** What is being asked **
Transcribe the whole listing below. Pictures do not go in the copy.

** Collected data **
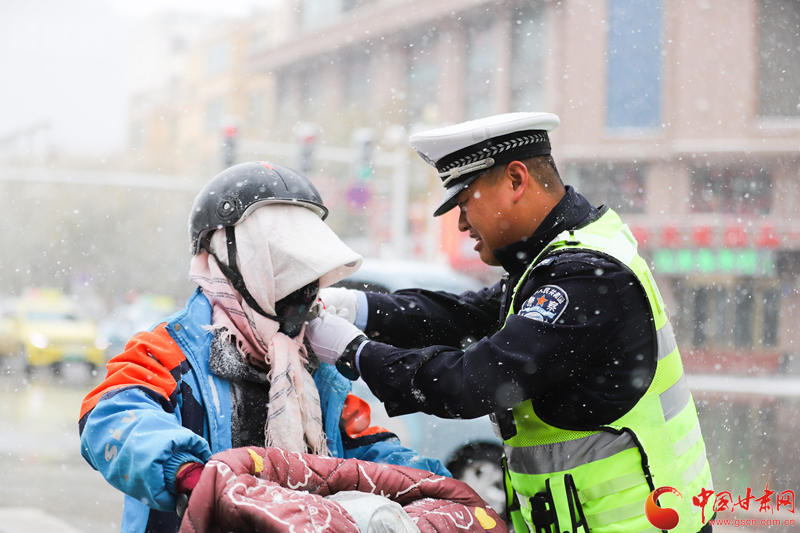 隴拍客丨民樂:雪紛飛 “警”相隨 交警守護(hù)平安出行路
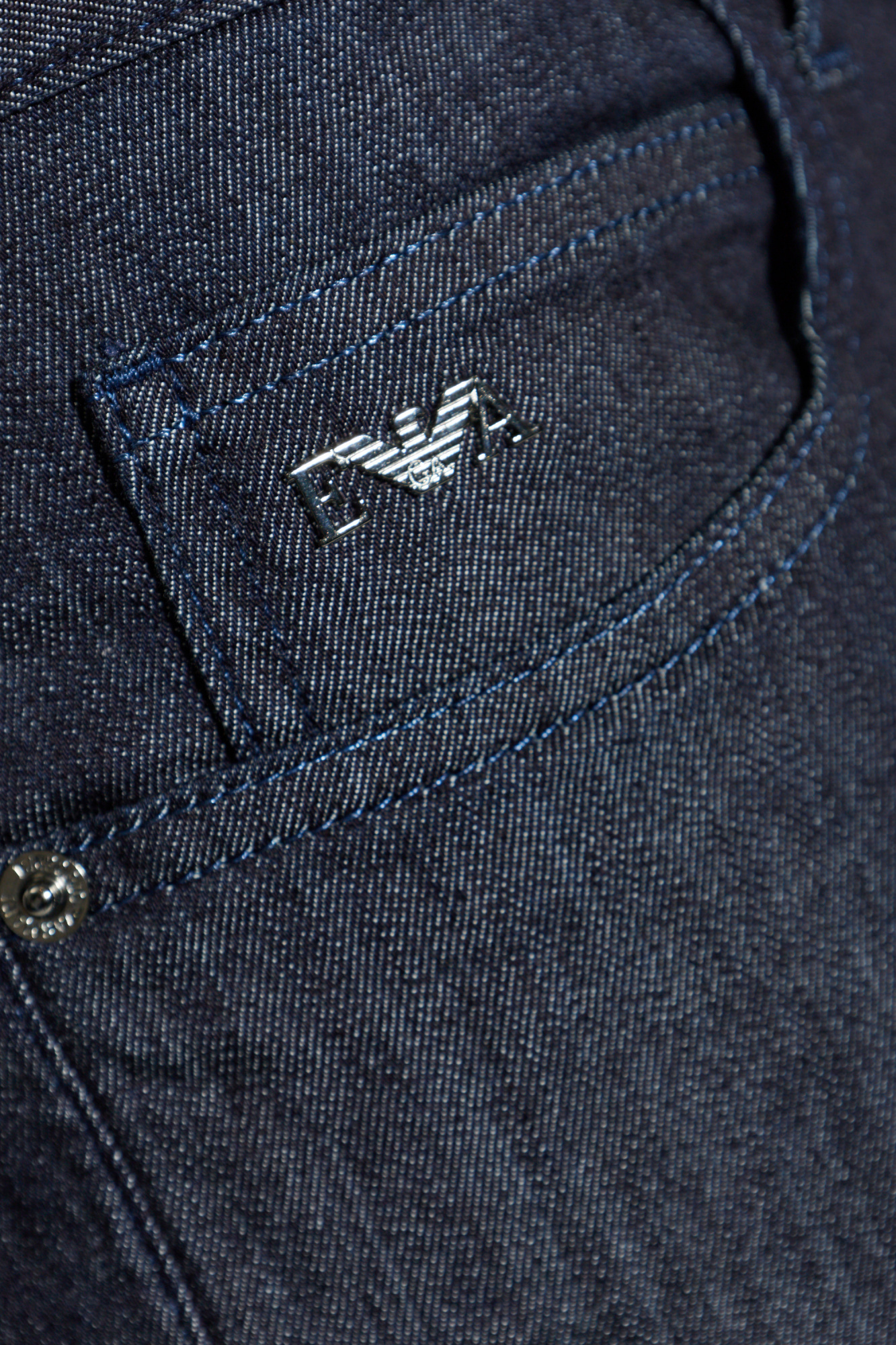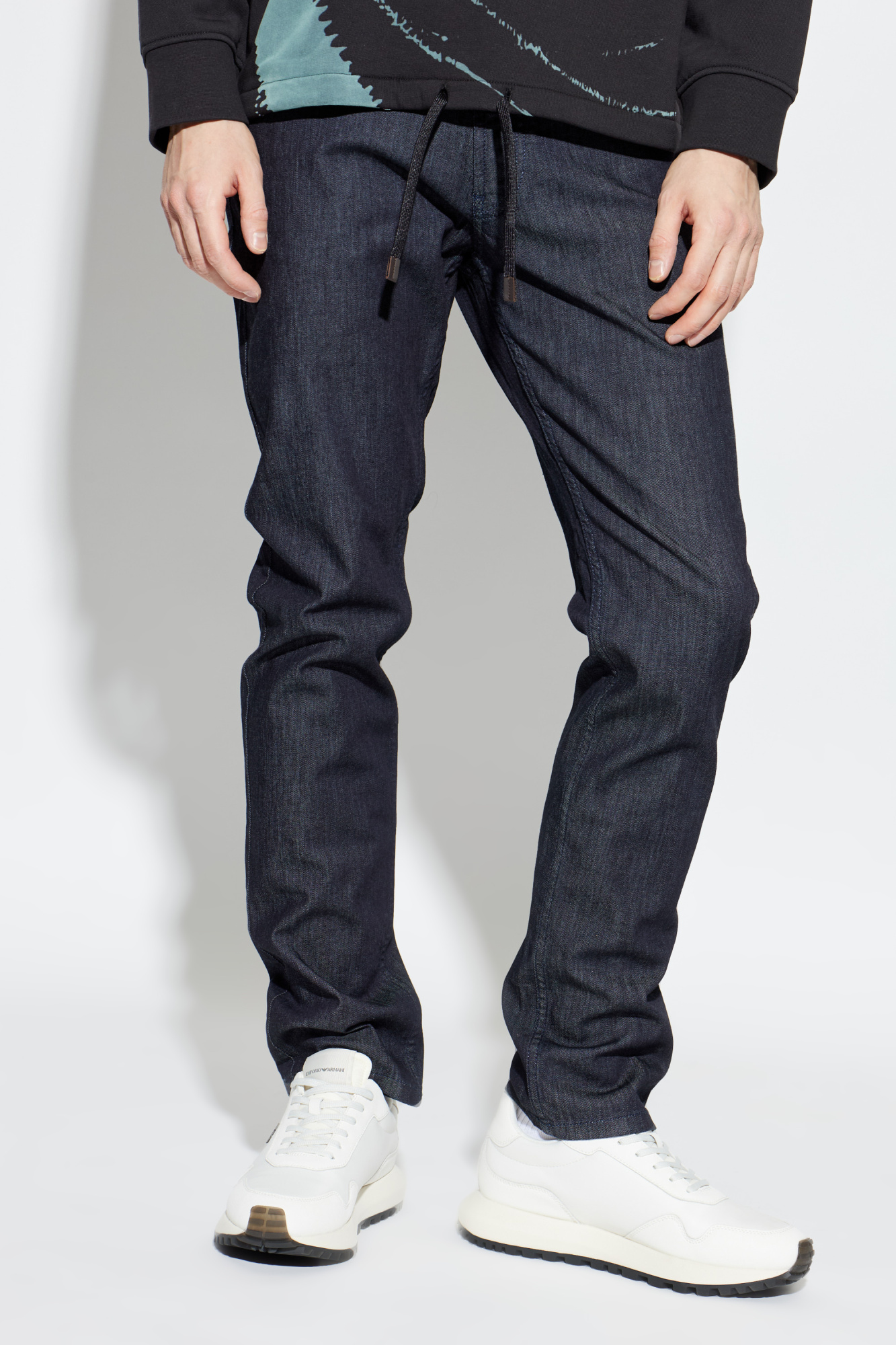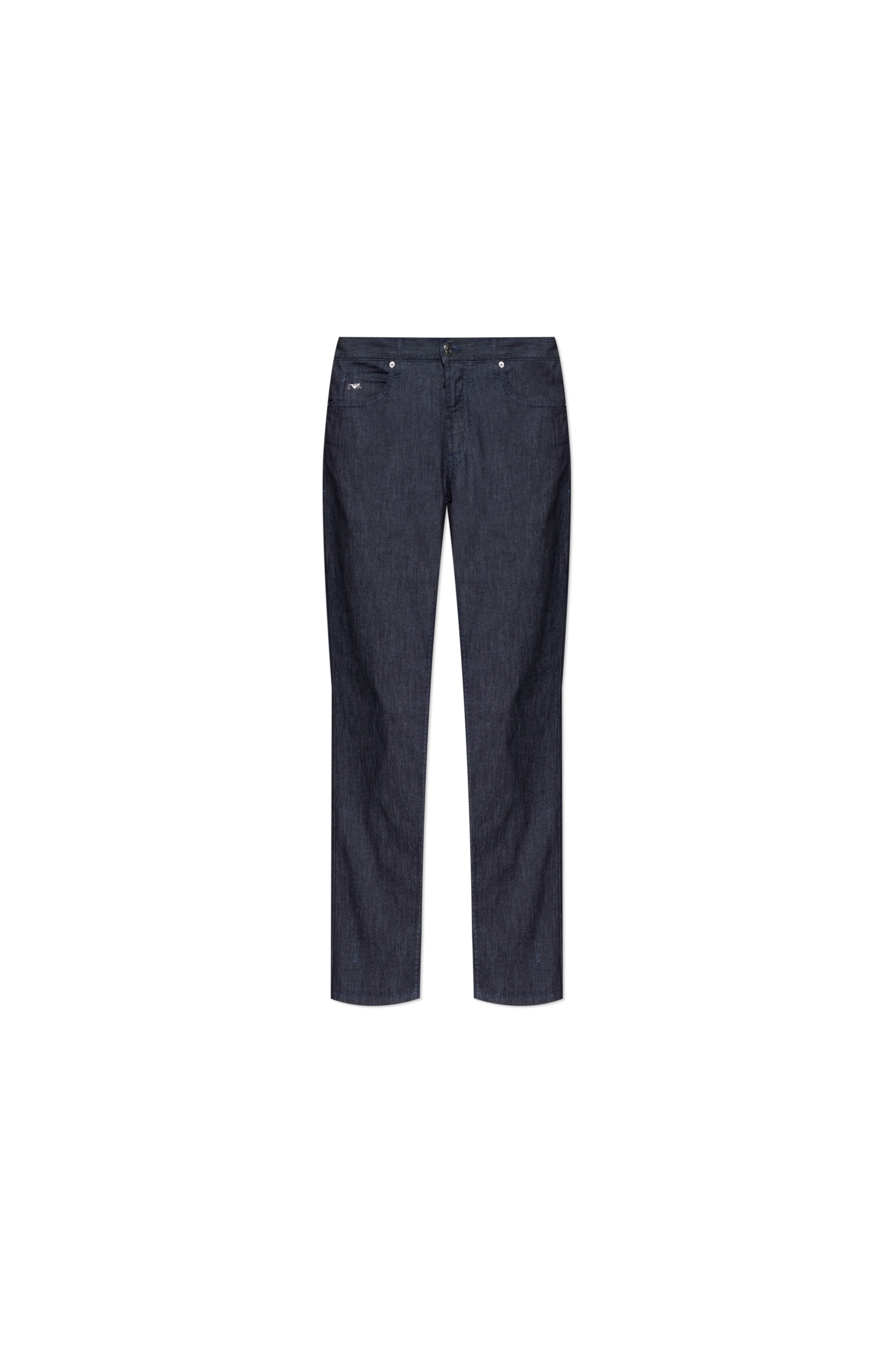 Базовые джинсы слегка зауженного силуэта с застежкой на молнию и пуговицу дополнены шлевками для ремня и фирменным металлическим логотипом бренда на монетном кармане.
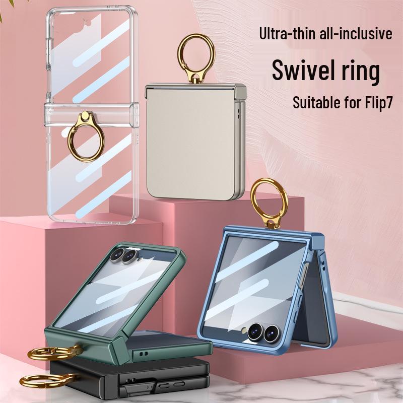 Samsung Z Flip7 Full-Cover Solid Color Case with Hinge Protection and Built-In Ring Stand
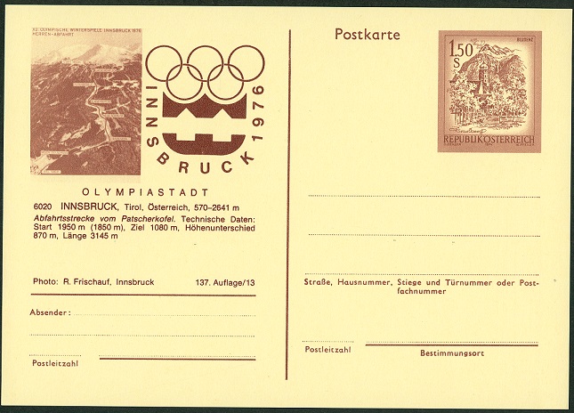 Hier eine ungebrauchte Ganzsache mit Informationen zum Olympischen Eisstadion 1976.

** Exercise response **
 隴拍客丨民樂:雪紛飛 “警”相隨 交警守護(hù)平安出行路
 Базовые джинсы слегка зауженного силуэта с застежкой на молнию и пуговицу дополнены шлевками для ремня и фирменным металлическим логотипом бренда на монетном кармане.
 Samsung Z Flip7 Full-Cover Solid Color Case with Hinge Protection and Built-In Ring Stand
 Hier eine ungebrauchte Ganzsache mit Informationen zum Olympischen Eisstadion 1976.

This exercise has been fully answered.